I've got a 6K generator that I picked up from a neighbor for $100. The power plant is a B&S Genpower 11 engine and it runs well after a good cleaning of the ignition keyswitch, replacing the start relay, and remanufacturing the electrical harness.

The guy threw some aftermarket box-type kill switch and e-taped it to the blower housing and wrapped the terminations in e-tape because he said the kill switch had a little bulb inside that was blown.

I got the real B&S kill switch (#495098s) and went to install it, but I can find no reference to *which color wires go to each terminal on the switch*. 
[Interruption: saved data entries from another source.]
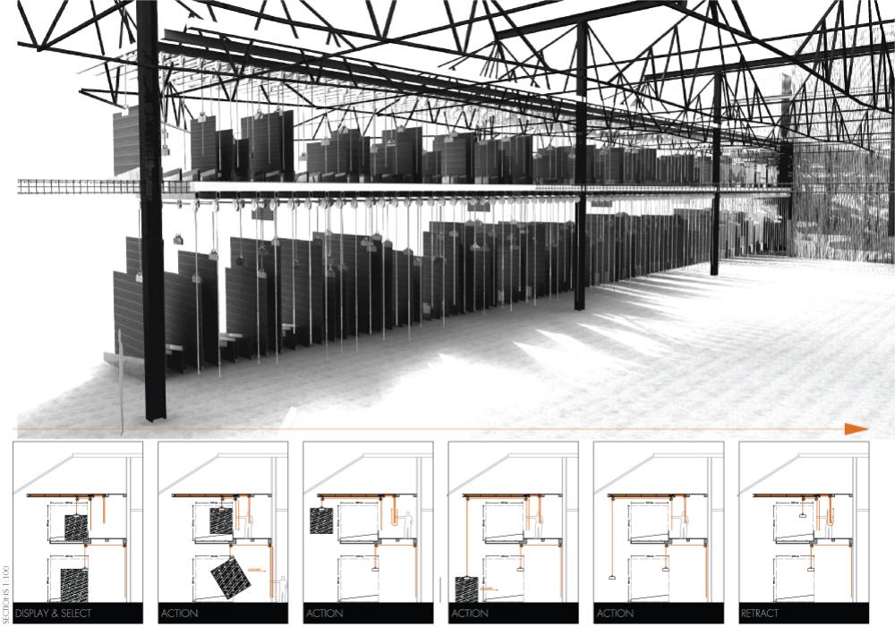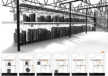 Complex component-based storage systems occupy the internal space, facilitating the collection and reuse of recyclable material of the city. The material is not treated as second-hand but rather the systems promote the qualities, uniqueness and texture of each individual piece. This, in turn, removes the negative stigma usually attached to reused material, making it more likely to be seen for what it could be used for, rather than what it once was.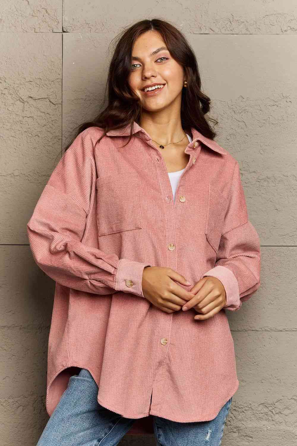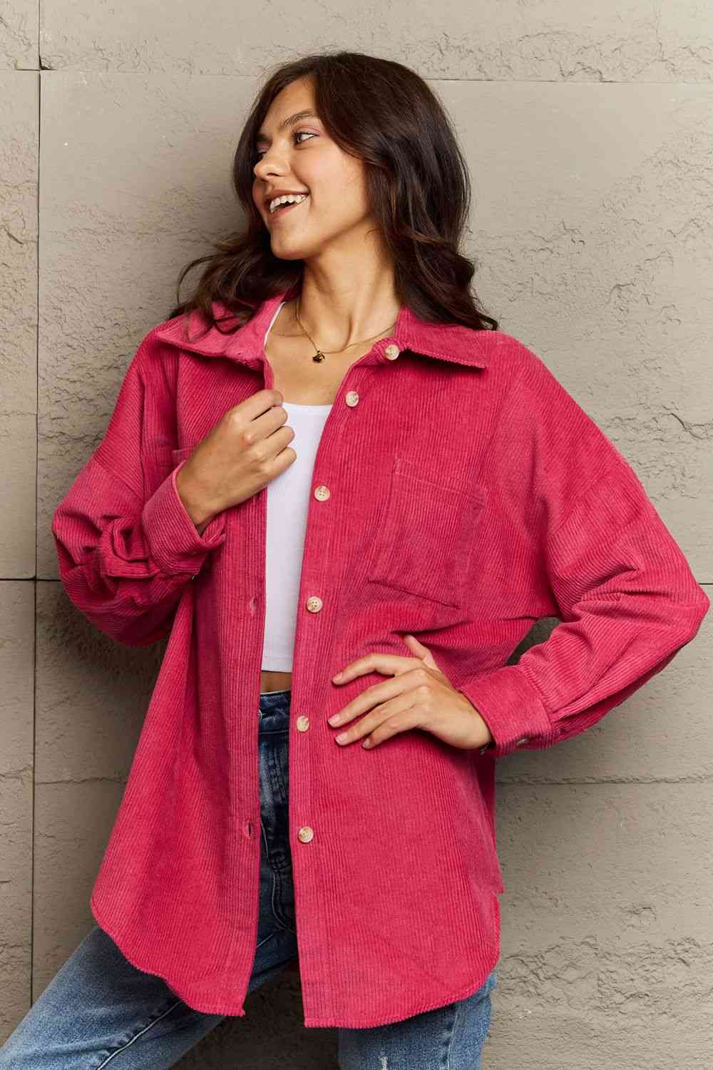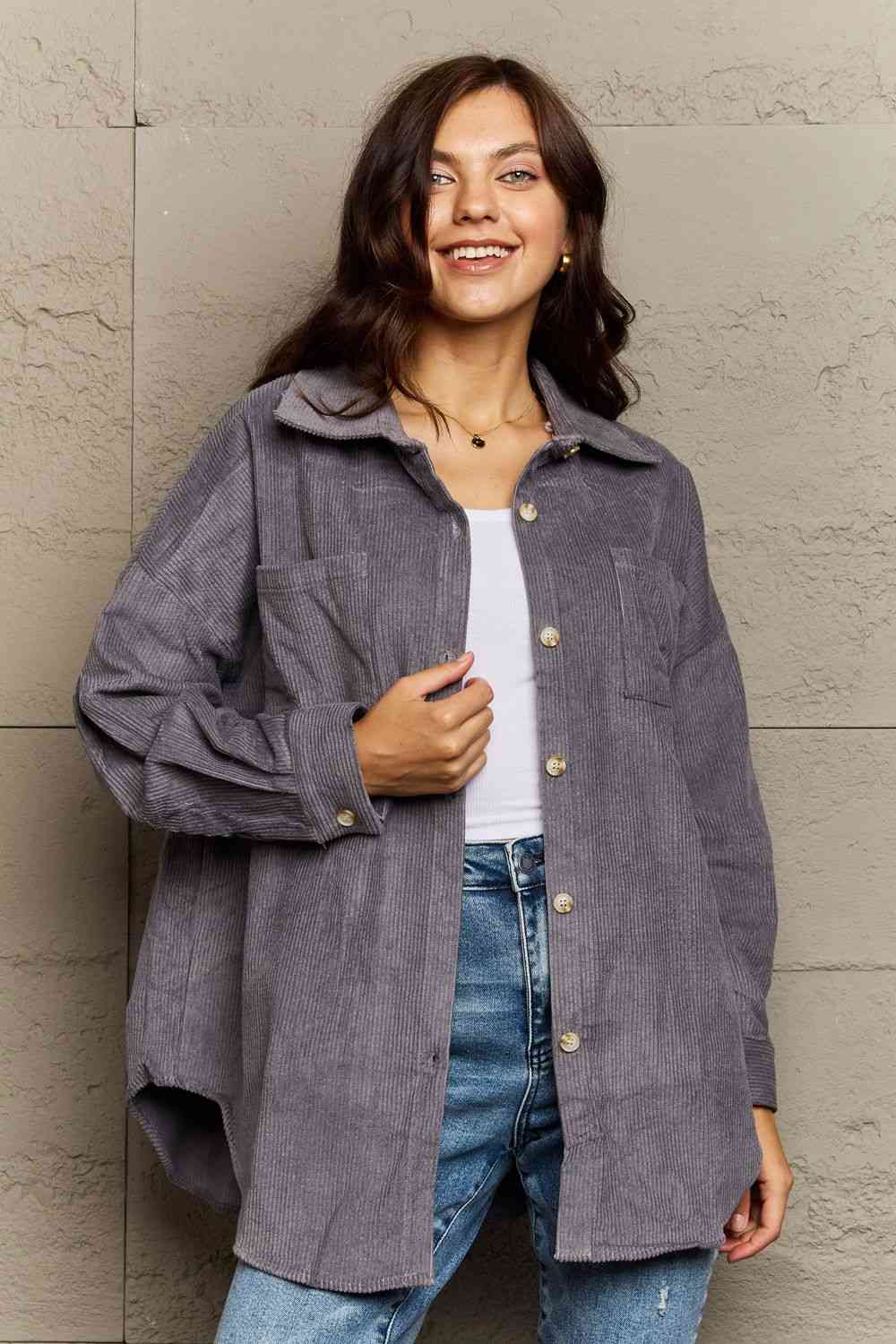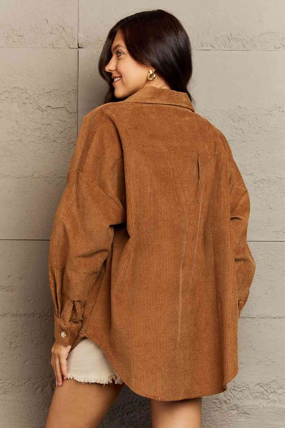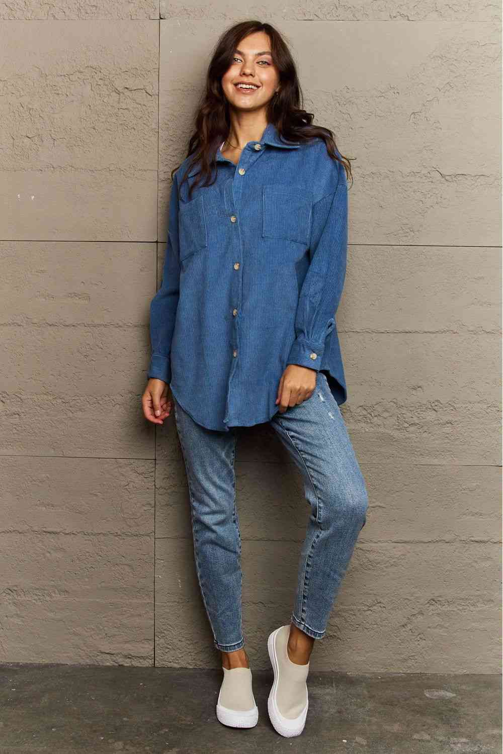 Ninexis Collared Neck Dropped Shoulder Button-Down Jacket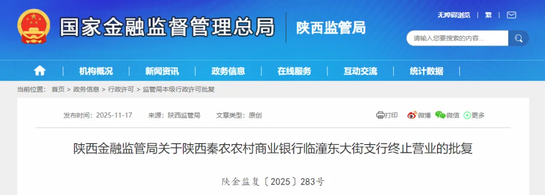 11月20日,陕西金融监管局发布关于华夏银行股份有限公司西安和平路支行终止营业的批复;11月17日,该局发布关于兴业银行股份有限公司西安西市佳园社区支行终止营业的批复;同日,发布关于上海浦东发展银行股份有限公司西安西稍门支行终止营业的批复及关于中国民生银行股份有限公司西安国亨小微支行终止营业的批复;11月10日,该局发布关于陕西秦农农村商业银行临潼东大街支行终止营业的批复。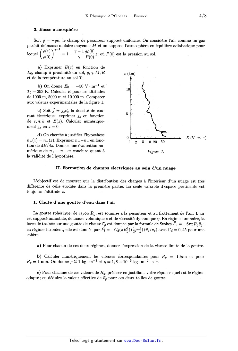 ÉCOLE POLYTECHNIQUE * ÉCOLE SUPÉRIEURE DE PHYSIQUE ET DE CHIMIE INDUSTRIELLES CONCOURS D'ADMISSION 2003 * ' FILIÈRE PC DEUXIÈME COMPOSITION DE PHYSIQUE (Durée : 4 heures) L'utilisation des calculatrices est autorisée pour cette épreuve. *** Charges atmosphériques et orages Les rayons cosmiques ionisent une partie de l'atmosphère. Les ions ainsi produits sont, avec les charges à la surface de la Terre, à l'origine du champ électrique terrestre. Ces ions ne restent pas immobiles et l'objet du problème est d'analyser quelques aspects de leur circulation. Dans tout le problème, on supposera pour simplifier qu'il s'agit d'ions monovalents. Dans la première partie, on aborde le problème de la distribution des ions et de leur mouve- ment par beau temps. Dans la deuæième partie, on effectue l'analyse de quelques processus qui contribuent à créer un champ électrique important dans les cumulo-nimbus. La troisième partie montre que les éclairs jouent un rôle essentiel dans la redistribution des charges atmosphériques. Les réponses auæ questions qualitatives doivent être formulées en deux phrases au mamimum faisant ressortir'clairement les arguments développés. L'étude est locale, sur une zone de faible eoetension (quelques dizaines de kilomètres} ; le seul paramètre pertinent est l'altitude z par rapport à la surface de la Terre. Données numériques Rayon de la Terre RT = 6,4 >< 103 km Champ de pesanteur terrestre g = 9, 8 m - s"2 Masse volumique de l'eau Peau = 1,00 >< 103 kg -- m"3 Mobilité des ions au niveau du sol kg = 1, 5 >< 10'"4= m2 - V"1 --s'1 Champ magnétique terrestre HËTH = 1 >< 10"5 T Masse molaire de l'air M = 29 >< 10"3 kg -- mol"1 _ Constante d'Avogadro -- N A = 6,02 >< 1023 mol"1 Constante des gaz parfaits R = 8, 31 J- K_1 -mol"1 Rapport Cp/CV pour l'air \ 7 = 1,40 Constante de Boltzmann kB = 1, 38 >< 10--23J - K"1 Charge élémentaire e = 1, 60 >< 10--1,9 C Permittivité du vide 50 = 8, 854 >< 10-12 F . m--1 Formulaire En côordonnées sphériques : 13 1 3) m: <Ôr rô9 rsin9ô< 10"16 kg - s"'. Est-il légitime dans ces conditions de négliger l'influence du champ magnétique terrestre ? même question pour la force de pesanteur ? Calculer la distance caractéristique |fü}|T ; justifier le caractère local de la relation entre Ë et 17}. f) La mobilité le des cations est définie par 171-- -- kÊ et celle des anions par 171 : --kË. Déterminer k en f0nction de A et @. L'évaluer numériquement. 2. Densité des ions Soient n+(z) et n_(z) les densités (nombre par unité de volume) respectivement des cations et des anions. Ces ions sont créés dans l'atmosphère par les rayons cosmiques avec un taux d'ionisation (nombre de paires d'ions créés par unité de volume et de temps) q uniforme. On suppose qu'ils se recombinent par paires avec un taux donné par --om+n_, oz constante. On suppose aussi qu'ils sont animés de leur vitesse limite Ü}. Ôn (? n [CE &) Montrer que la densité de cations obéit à l'équation : + + ---(--L----)--- -- q -- om+n_. Ôt Ôz À uelle é uation obéit la densité d'anions ? q q . b) Cations et anions étant formés et se recombinant par paires, on suppose que n+ (z) = n_ (2) : n(z). Quelle est avec cette hypothèse l'équation d'évolution temporelle de n(z) ? Mon-- trer que nkE ne dépend pas de 2. c) On suppose le régime stationnaire atteint avec pour n la valeur no. Donner alors l'ex-- pression de no en fonction de a: et q.V/Les mesures montrent que no ne dépend pratiquement pas de l'altitude; est-ce cohérent avec le résultat obtenu ? Montrer alors que E (z) est proportionnel à. p(z). (1) Donner une évaluation de la durée de vie moyenne 7" d'un ion à l'aide de a et q. e) Application numérique. On donne q = 107 m"3 - s_1, 04 = 1, 4 >< 10_12 m3 --s". Calculer no; calculer T' et comparer sa valeur avec celle de T obtenue en Le). f) En prenant E = --15 V- m'"1 et pour ordre de grandeur de ldE/dzl : 3 >< 10_3 V- m"2, montrer qu'un ion est pratiquement soumis à un champ constant lors de sa durée de vie. 3, Basse atmosphère Soit ÿ' = --gê'z le champ de pesanteur supposé uniforme. On considère l'air comme un gaz parfait de"masse molaire moyenne M et on suppose l'atmosphère en équilibre adiabatique pour 7--1 , -- 1 lequel (ÎËâl)_ -- ---- 7--fy--ïêä; 2, où P(0) est la pression au sol. _ a) Exprimer E(z) en fonction de E0, champ à proximité du sol, 9,7, M, R z (km) et de la température au sol TO. ' b) On donne EO = --50 V- m"1 et T0 = 293 K. Calculer E pour les altitudes de 1000 m, 5000 m et 10 000 m. Comparer aux valeurs expérimentales de la figure 1. c) Soit ; = jzë'Z la densité de cou- rant électrique; exprimer j'z en fonction de e, n, 1»: et E(z). Calculer numérique-- ment jz en z = 0. (1) On cherche à justifier l'hypothèse , _ - ' ' '- ' __ E . --1 ' n+(z) = n__ (z). Exprimer n+----n_ en fonc-- 1' 2 5 10 20 50 (V m tion de dE / dz. Donner une évaluation nu-- mérique de ..., -- n_ et conclure quant a Figure 1_ la validité de l'hypothèse. II. Formation de champs électriques au sein d'un nuage L'objectif estde montrer que la distribution "des charges à l'intérieur d'un nuage est très différente de celle étudiée dans la première partie. La seule variable d'espace pertinente est toujours l'altitude z. 1. Chute d'une goutte d'eau dans l'air La goutte sphérique, de rayon R... est soumise à la pesanteur et au frottement de l'air. L'air est supposé immobile, de masse volumique p et de viscosité dynamique 7]. En régime laminaire, la force de traînée sur une goutte de vitesse ?:}:9 est donnée par la formule de Stokes Ê,= --67T77R9179 , en régime turbulent, elle est donnée par F-- -- --C d(7TR2) (2pvâ ) (fig/vg) avec Cd-- -- 0,45 pour une sphère. a) Pour chacun de ces deux régimes, donner l'exmession de la vitesse limite de la goutte. b) Calculer numériquement les vitesses correspondantes pour R9 = 10um et pour R9 = 1 mm. On donne pë 1 kg-m_3 et 77 = 1,8 >< 1

The wires are *BLACK, RED*, and *WHITE*.

From my ohmmeter checks, I've found the *MIDDLE* and *INBOARD* switch terminals (both brass colored) are the switch terminals and the internal lamp is wired between the *OUTBOARD* (nickel plated) and *INBOARD* (Brass colored) terminal.

When I did an ohm check on the wiring, it was apparent that the black and white wires were very low ohms to engine ground, so I connected those to the switch tabs and it does work to kill the engine.

My main question is *how does the low oil light get connected in?*

Sorry for the dissertation, but I try to be complete in the explanation of the issues!

Thanks for any assistance!!


----------